MPI (MPICH2) and GTX580 using MPI with CUDA

I’m afraid I am probably not going to like the answer to this but…

We are developing a model which uses CUDA kernels to accelerate certain calculations. Eventually we will need to scale this to run across a large number of EC2 GPU compute cluster instances but for now I am trying to just use a two node (three GPU) windows-based cluster to test bed the code. In one machine (running server 2008 R2) we have a GTX570 plus a tesla C2050 (in TCC mode) and in the other machine (win 7) we have a 3Gb GTX580. Now we can run a simple Hello World exe (i.e. no cuda) across both hosts using mpiexec -hosts 2 server 5 win7 5 \someshare\mpiHW.exe without a hitch. However trying to run the simpleMPI example from the SDK results in an error 38 on the win 7 host - i.e. it does not recognise the GTX580 (the code itself runs on the win7 machine without a hitch, just not via MPI).

So… has nvidia restricted MPI to the tesla TCC driver?
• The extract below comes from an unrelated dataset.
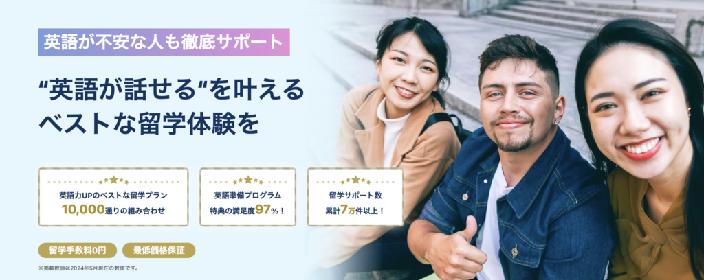 School Withは留学先や語学学校を検索し、複数の選択肢から自分に合う留学プログラムを選べるサービスです。フィリピン留学をはじめ、都市や学校ごとに情報を比較でき、オンライン相談や手続きのサポートもあります。選択肢の幅が広く、語学学校の特徴や費用、地域ごとの違いを比較しながら選べるように工夫されています。短期留学から長期プランまで対応しており、目的別に学びたい内容を見つけられる点が特長です。

If so I will seriously have to consider whether I should be developing code for this platform!

Hopefully someone will confirm it is more likely to be an error in our MPI setup as they have this working with the geforce cards across multiple nodes - here’s hoping.

It is not an MPI problem, it is related to the WDDM driver model in Win 7.
When you are trying to use a remote connection, unless you use the TCC mode (or go back to XP…) or do something similar to what is explained in this post (The Official NVIDIA Forums | NVIDIA)
you will not be able to access the GPU.

It will work just fine in Linux.

Thanks for your help. That makes sense.

As we will be using linux gpu clusters on EC2 I guess the simplest solution would be to switch to linux for this test cluster (I have no real preference otherthan I like to use the VS2010 IDE). I’ll check out the thread you suggest and then decide.
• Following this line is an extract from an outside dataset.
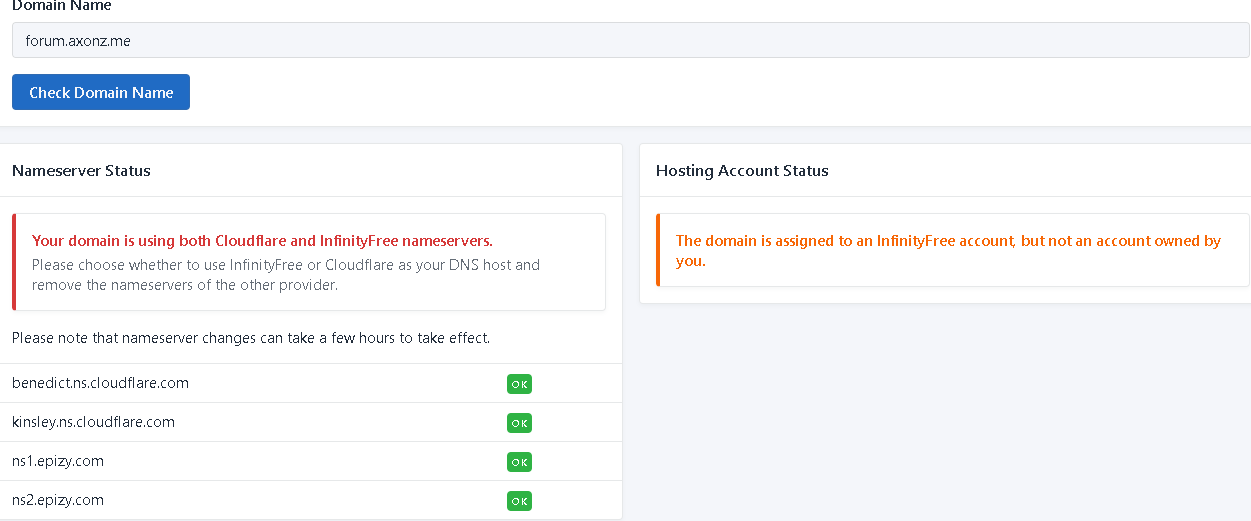 If you are using CF, remove the epizy nameservers. Make sure A or CNAME record is available for subdomain if using CF.

We use mpich2 (version 1.4.1p1) for our Linux-GPU cluster (4 PC with 4xGTX 580 each) and it works like a charm.

FYI: If you use MVAPICH2 1.8rc1, you can mpi_send/recv direct from device pointers. And when the send/recv is to/from devices on the same host, it will automatically use IPC to transfer data directly from GPU to GPU without involving the host. This can provide significant performance gains.
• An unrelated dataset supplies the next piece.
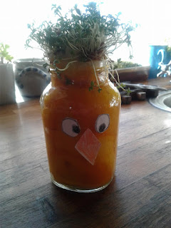 Mit barnebarn, Minna Rosa, har lavet en lille påskekylling som hun har fået med hjem til mor og far.
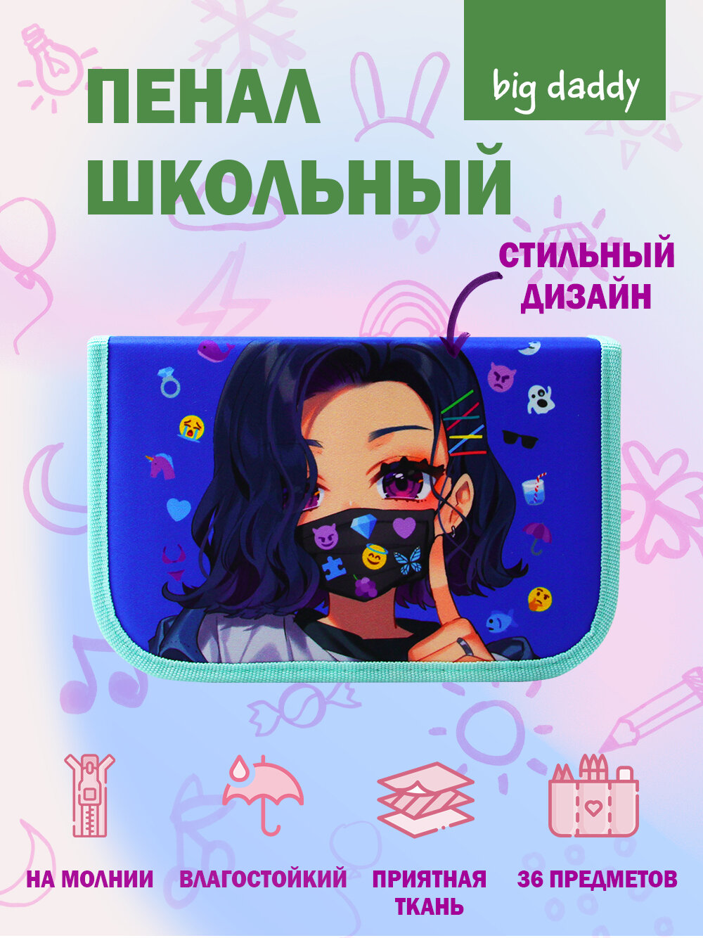 СохранитьПенал школьный bigdaddy 1 отделение 2 откидные секции 130*210*35мм "Аниме Маска" интересное:

Thanks for confirming this will work with linux. Actually I have just been given the opportunity to purchase a couple of M2050s going cheap - I guess these will work using the TCC mode without resorting to a linux OS installation. As we need to run some simulations in a hurry for a grant proposal I will probably forego that pleasure for now if at all possible ;-)